Material for this exercise:
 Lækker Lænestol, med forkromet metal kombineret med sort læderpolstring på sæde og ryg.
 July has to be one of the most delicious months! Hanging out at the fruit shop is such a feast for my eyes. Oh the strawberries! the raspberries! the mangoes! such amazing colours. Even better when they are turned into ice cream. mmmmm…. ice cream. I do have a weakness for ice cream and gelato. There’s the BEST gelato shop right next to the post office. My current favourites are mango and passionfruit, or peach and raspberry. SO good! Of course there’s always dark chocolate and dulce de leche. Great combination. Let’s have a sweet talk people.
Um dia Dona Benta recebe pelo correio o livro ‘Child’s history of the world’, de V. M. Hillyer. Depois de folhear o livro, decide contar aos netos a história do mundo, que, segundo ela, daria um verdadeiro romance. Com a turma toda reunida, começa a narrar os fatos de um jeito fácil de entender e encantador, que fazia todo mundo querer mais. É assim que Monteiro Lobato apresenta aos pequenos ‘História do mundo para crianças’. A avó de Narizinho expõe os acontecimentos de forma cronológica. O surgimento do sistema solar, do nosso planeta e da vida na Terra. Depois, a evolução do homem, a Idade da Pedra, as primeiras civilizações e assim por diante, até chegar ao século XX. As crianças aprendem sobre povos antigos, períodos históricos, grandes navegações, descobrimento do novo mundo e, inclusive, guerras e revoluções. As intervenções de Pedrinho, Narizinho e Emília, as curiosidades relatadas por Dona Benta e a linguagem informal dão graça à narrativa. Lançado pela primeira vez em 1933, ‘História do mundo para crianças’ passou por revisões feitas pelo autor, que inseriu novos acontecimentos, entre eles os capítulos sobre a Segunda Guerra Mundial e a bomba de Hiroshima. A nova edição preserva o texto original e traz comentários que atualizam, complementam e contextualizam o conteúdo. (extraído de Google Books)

* * *

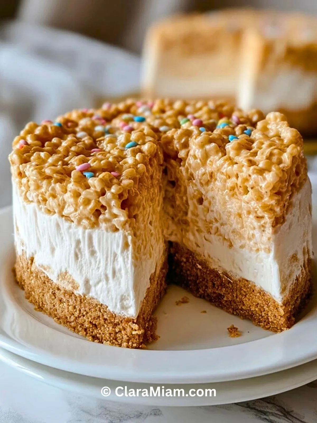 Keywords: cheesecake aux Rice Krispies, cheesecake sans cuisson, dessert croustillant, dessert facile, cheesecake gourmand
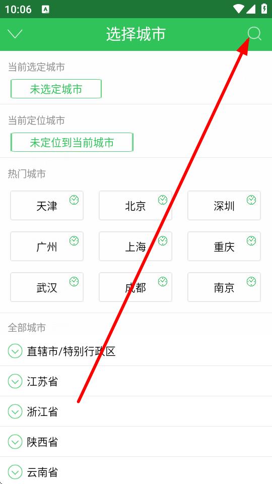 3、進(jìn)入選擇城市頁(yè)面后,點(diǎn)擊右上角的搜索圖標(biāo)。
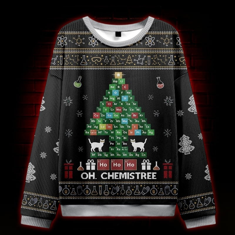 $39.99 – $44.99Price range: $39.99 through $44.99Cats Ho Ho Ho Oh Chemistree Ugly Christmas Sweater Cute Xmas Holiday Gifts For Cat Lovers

Exercise description: Using the records above, restate word for word the lines from the one with "Lækker Lænestol, med" through the one with "July has to", both included.

Answer space:
 Lækker Lænestol, med forkromet metal kombineret med sort læderpolstring på sæde og ryg.
 July has to be one of the most delicious months! Hanging out at the fruit shop is such a feast for my eyes. Oh the strawberries! the raspberries! the mangoes! such amazing colours. Even better when they are turned into ice cream. mmmmm…. ice cream. I do have a weakness for ice cream and gelato. There’s the BEST gelato shop right next to the post office. My current favourites are mango and passionfruit, or peach and raspberry. SO good! Of course there’s always dark chocolate and dulce de leche. Great combination. Let’s have a sweet talk people.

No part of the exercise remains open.